The blue of European royal court dress and regalia from the late seventeenth century forward — the color of British peers' robes, French royal sashes, the lining of the crown-jewel cases. The color refers to a saturated, slightly violet-shifted blue with the matte finish of velvet or melton wool dyed to maximum intensity: deeper than cornflower, warmer than ultramarine, with the heraldic weight of a color reserved for monarchs and the official Crown.

Closest matches

The nearest named color in three reference sources, ranked by perceptual distance (ΔE76 in CIELAB). ΔE < 1 is imperceptible to most viewers; ΔE > 10 is clearly different. When two sources point to the same hex they’re merged into one tile; click any to open that color’s page.

Variations

Click any swatch to explore

Harmonies

Accessibility

Color-vision simulation

How this color appears to viewers with the four major color-vision-deficiency types. Computed via the Machado (2009) physiologically-based model. If a tile matches the original, the color reads the same to that viewer.

#1964e1
Original
#0074e5
Protanopia
#0063df
Deuteranopia
#008499
Tritanopia
#5d5d5d
Achromatopsia
WCAG contrast

The color used as foreground text against pure white and pure black, with the contrast ratio and WCAG 2.1 grade. Aim for AA (4.5:1) for body text and AA Large (3:1) for 18 pt+ headlines; AAA (7:1) is the gold standard for long-form reading surfaces.
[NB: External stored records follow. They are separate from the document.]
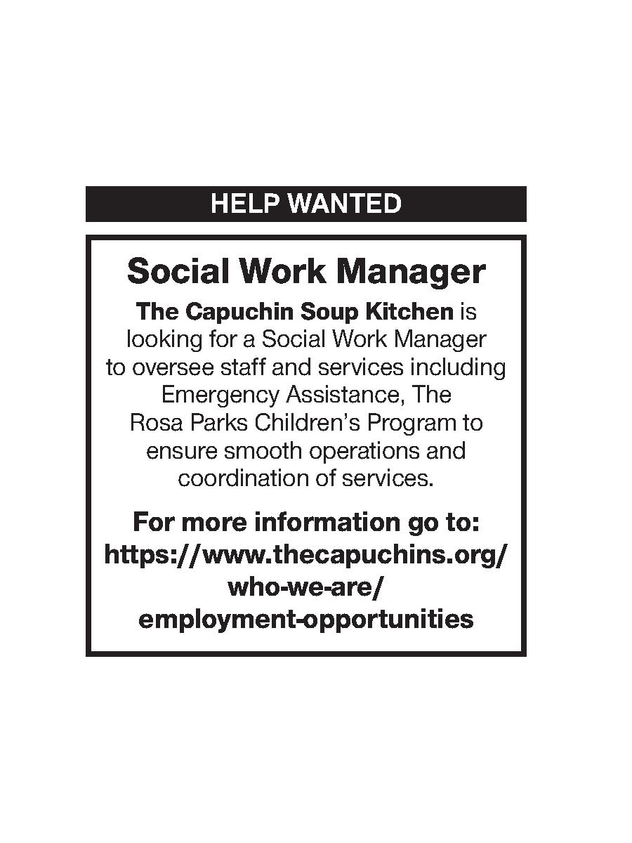 Social Work Manager at The Capuchin Soup Kitchen Alan Hunt II 6 years ago Apply at https://www.thecapuchins.org/who-we-are/employment-opportunities.
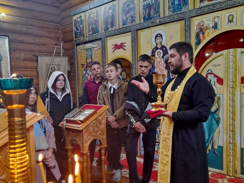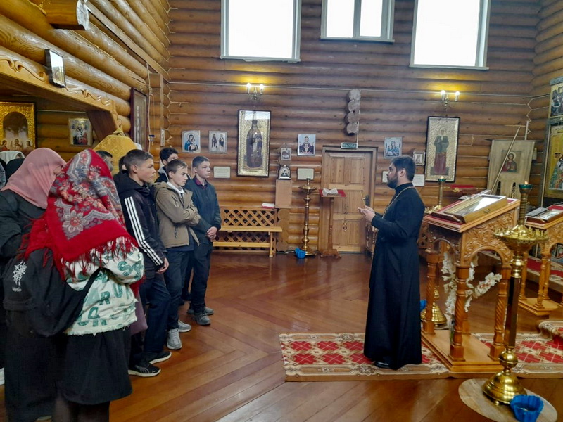 30 сентября 2025 года в храме в честь иконы Божией Матери “Взыскание погибших” г.Алзамая состоялись просветительские экскурсии. Храм посетили воспитанники Дома детского творчества и восьмиклассники двух классов школы N2. Настоятель храма иерей Владимир Ильницкий провел экскурсию с рассказом о храме и о богослужении, состоялась беседа священника со старшеклассниками о духовных основах жизни.
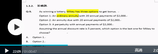 1.在0时间点(可以计算出每个option的Present value现值),例如,在t=0时刻,100和10两笔现金流,我拿100元比拿10元开心
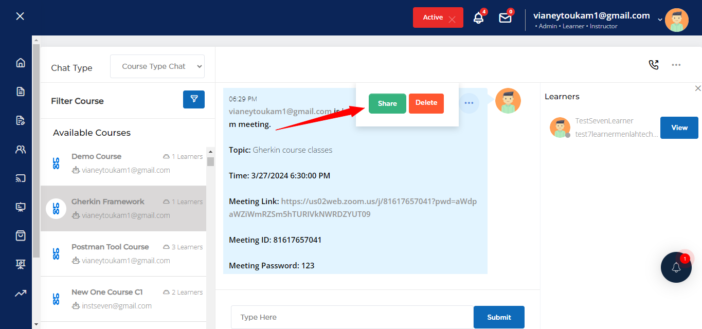 How to create live meeting? 1. Go to live meeting page. 2. Select a course and click on meeting icon of the course. 3. Now, new live class pop up will appear. After filling all the details click on submit. 4. Additional fills will appear now, after ...
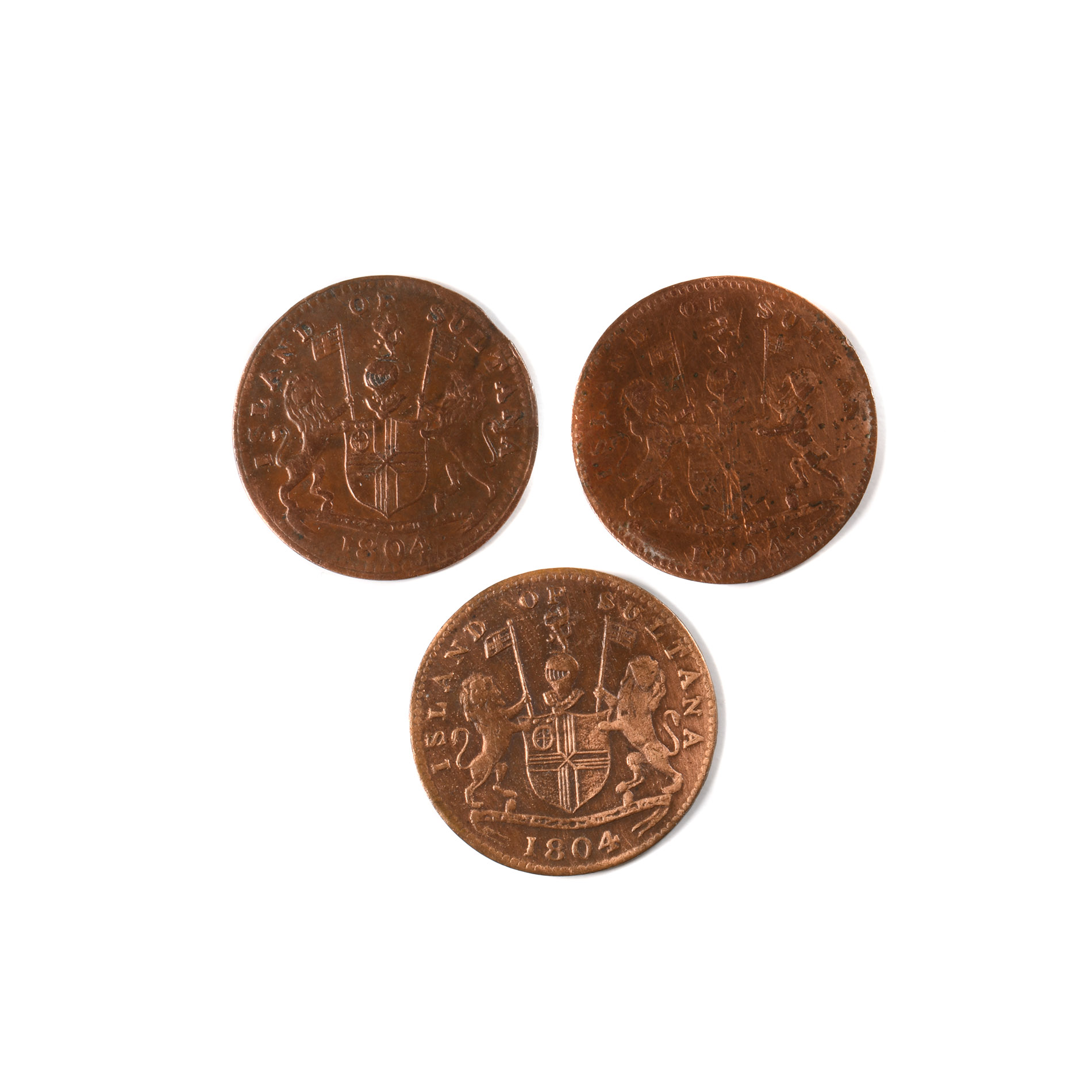 Obvs: arms with supporters and ISLAND OF SULTANA legend with date below. Revs: inscription with date; with ticket. 6.21 grams total.

The quick brown foxSample body text at normal size. The wcag minimum for body contrast is 4.5:1 (AA) or 7:1 (AAA).
AAon White
5.31:1
The quick brown foxSample body text at normal size. The wcag minimum for body contrast is 4.5:1 (AA) or 7:1 (AAA).
AA Largeon Black
3.95:1

Wide gamut

Display P3 representation

The CSS Color 4 wide-gamut form of this color. Both swatches render the same color on every display — the P3 form only diverges from sRGB when a designer pushes channels outside sRGB's reach.

sRGB hex
sRGB hex
##1964E1
Display P3
Display P3
color(display-p3 0.1918 0.3864 0.8516)
P3 has visible headroomOKLCH chroma 0.204

This color is chromatic enough that authoring it as P3 native (instead of clamping to sRGB) gives a perceptibly more saturated render on wide-gamut displays — modern Macs, iPhones, iPads, and most recent OLED laptops.